The government has announced new funding of £10bn for its Help to Buy Equity Loan scheme.

It is investing the money ‘due to the popularity of the scheme across the country’ and estimated the funding could help around 135,000 more people to buy homes by 2021.

More than 130,000 completions have already taken place under the Equity Loan scheme, which helps people buy a new build home with only a 5% deposit.

How does it work?

The government provides an equity loan of up to 20% of the property’s value, which is repaid when the home is sold, or after 25 years, whichever comes first. No interest or repayments are due during the first five years of the loan.

The property must be a new build home, up to the value of £600,000.

The homebuyer also contributes 5% of the property’s value, meaning they can effectively get a more competitive mortgage normally reserved for buyers with 25% upfront.

They are still subject to the normal affordability assessments undertaken by mortgage lenders, so they need to prove they can afford the monthly repayments.

More supply needed

But many have argued that the extra funding is propping up prices without tackling the biggest housing issue – the chronic lack of supply.
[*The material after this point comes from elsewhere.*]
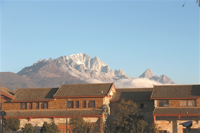 云南丽江看远处的雪山。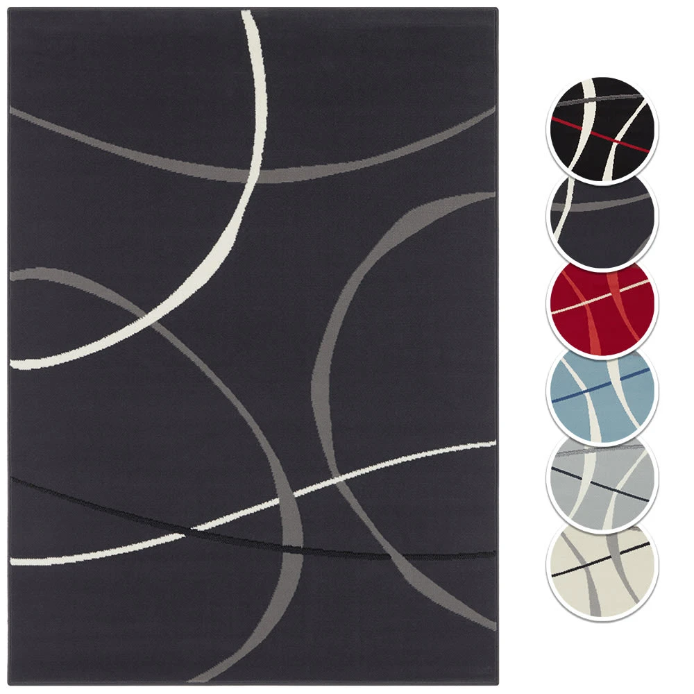 Dieser attraktive Design Teppich wird Ihrem Wohnbereich eine erfrischende Atmosphäre verleihen. Die schwungvollen teilrunden Streifen Muster machen diesen Wohnraumteppich zu einem echten Hingucker in Ihren Räumlichkeiten. Modische Farbvariationen runden die elegante Erscheinung ab. Die Kunstfaser Polypropylen sorgt für eine lange Lebensdauer und gute Wärmedurchlässigkeit im Einsatz mit Fußbodenheizungen. Wir empfehlen eine Anti-Rutsch-Unterlage, um auf glatten Böden ein mögliches Verrutschen zu vermeiden.

Sam Bowman, executive director of the Adam Smith Institute, criticised the move. He said: “Reviving Help to Buy is like throwing petrol onto a bonfire. The property market is totally dysfunctional because supply is so tightly constrained by planning rules, and adding more demand without improving the supply of houses is just going to raise house prices and make homes more unaffordable for people who don’t qualify for the Help to Buy subsidy. 

“To improve the housing market you need to change the rules of the game, so that damaged parts of the green belt can be built on, so we can have more dense and efficient development of existing urban areas,  and so that locals benefit from new developments near them. Reviving Help to Buy is an astonishingly ill-judged move that may prove economically and politically disastrous for the government.”